Council tax enforcement

Bailiffs were sent to Herefordshire residents to collect council tax funds on more than 4,000 occasions in one year.

In the county, bailiffs were called to residents on 4,351 occasions between April 1, 2025, and March 31, 2026, according to a recent Freedom of Information request.

The figure is nearly unchanged from 2022 to 2023, when 4,370 cases were referred for enforcement.

Repair bills

Only five police stations in Scotland are currently rated as being in a good condition according to a shock new report.

‌The survey also found that five times as many police offices – 27 – were in a poor state meaning the buildings are showing major defects or not functioning properly. While 158 were rated as merely satisfactory and showing signs of deterioration.

‌The figures from a report by Police Scotland released under Freedom of Information show that £231 million is now needed to repair the country’s crumbling cop shops.Trai

Train fine

A railway firm has made revenue in the tens of thousands from penalty fares on Cumbrian routes since 2023, a Freedom of Information Act (FOI) request has revealed.

The FOI, submitted to Northern Rail by the News & Star, has revealed that the firm made £23,796.45 in penalty fares and prosecution revenue between 2023 and 2025.

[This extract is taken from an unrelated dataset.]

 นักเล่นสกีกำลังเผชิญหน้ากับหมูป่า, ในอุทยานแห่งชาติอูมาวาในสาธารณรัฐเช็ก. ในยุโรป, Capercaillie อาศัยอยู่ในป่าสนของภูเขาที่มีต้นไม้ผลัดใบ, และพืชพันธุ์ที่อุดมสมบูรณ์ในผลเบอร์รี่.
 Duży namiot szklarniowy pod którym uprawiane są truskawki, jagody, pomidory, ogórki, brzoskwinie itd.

A grand total of 675 penalty fare notices were handed out between 2023 and 2025, 365 in 2023; 245 in 2024 and 65 in 2025.

Drink-driving

Analysis of driving license data by the RAC revealed that 217,757 have a ‘DR10’ endorsement and another 2,881 have ‘DR20’ offences on their current motoring record – taking the total to 220,638.

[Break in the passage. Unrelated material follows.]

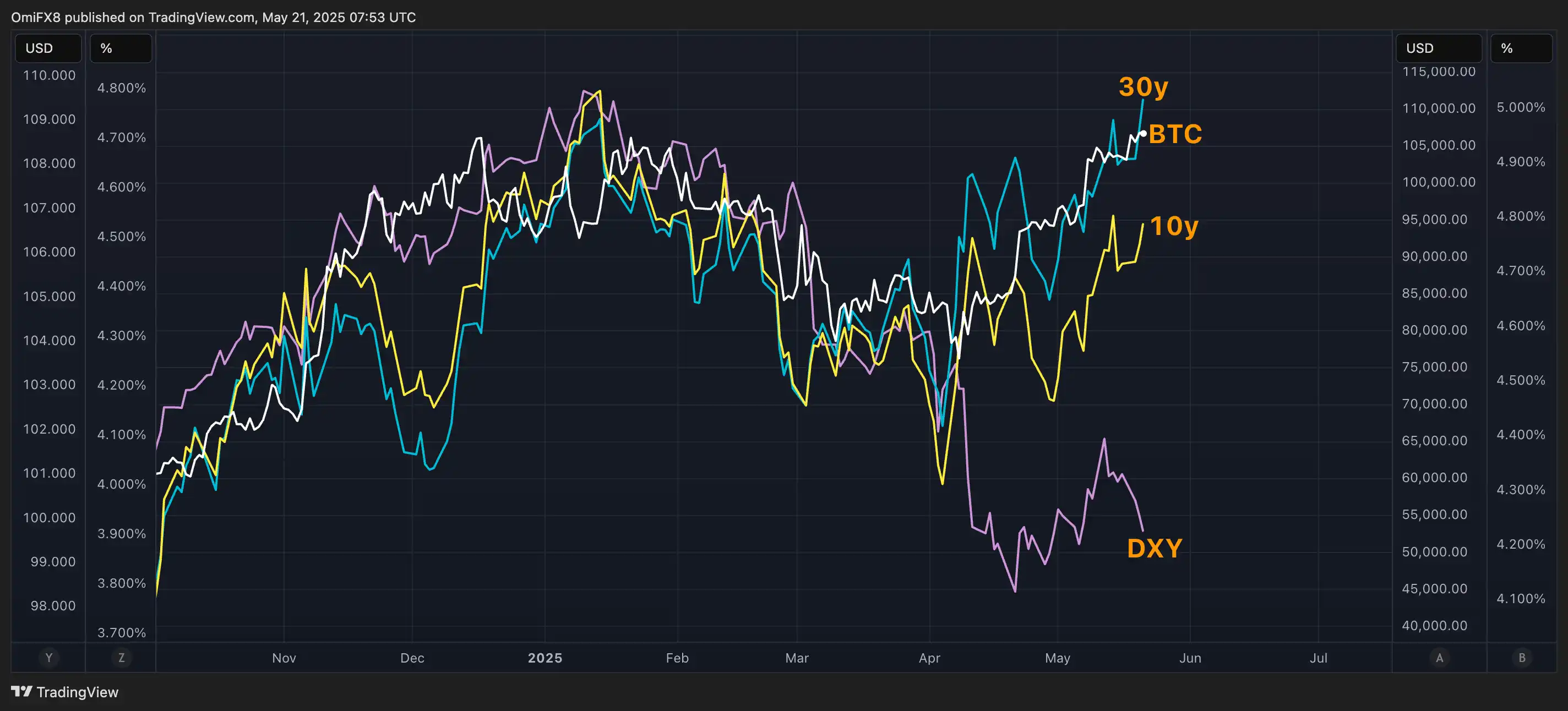虽然 30 年期美债收益率已升至 5% 以上,回到 1 月水平,但市场普遍认为这对比特币和黄金是利好因素。

DR10 convictions are issued to those caught over the legal alcohol limit while a DR20 relates to those found to be unfit and impaired at the wheel due to alcohol, regardless of whether they were over the limit or not.

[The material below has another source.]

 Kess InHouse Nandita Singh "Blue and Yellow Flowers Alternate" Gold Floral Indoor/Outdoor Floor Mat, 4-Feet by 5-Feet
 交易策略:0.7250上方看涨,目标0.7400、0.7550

The RAC’s freedom of information request to the DVLA found that 2,553 individuals have accrued three or more DR10 or DR20 endorsements since 2014.

Bank vs agency

Data from freedom of information requests indicate some NHS trusts are paying substantially more for ‘bank’ staff than for agency workers, despite long-standing government claims that reducing agency use would save money.

An NHS “bank” refers to a temporary staffing pool of healthcare workers (nurses, doctors, admin, etc) who take flexible shifts on an as-needed basis to cover shortages.

At Nottingham University Hospitals NHS Trust, which reported no off-framework agency use, the average cost of the five most expensive bank shifts was £5,723 in 2024-25 and £5,622 in 2025-26. By comparison, the five most expensive agency shifts averaged £4,491 and £4,642 respectively.

Police misconduct

A record number of cops were sacked last year for gross misconduct, shock figures reveal. Fourteen officers were dismissed in 2025, compared with six the year before and three in 2023.

‌The figures, released by Police Scotland under Freedom of Information, have been recorded since 2015 and are the highest in that period.

Stray dogs

The dog marketplace, puppies.co.uk analysed data from Freedom of Information requests sent to Wigan Council.

They asked the council for the number of dogs reported as strays, the number of dogs seized, and the number of stray dogs returned to their owners from January 2021 to December 2025.

In total, 1,314 stray dogs have been reported across the region. Of that number, just 393 have been returned to their owners, meaning that only 29 per cent of stray dogs find their way back home.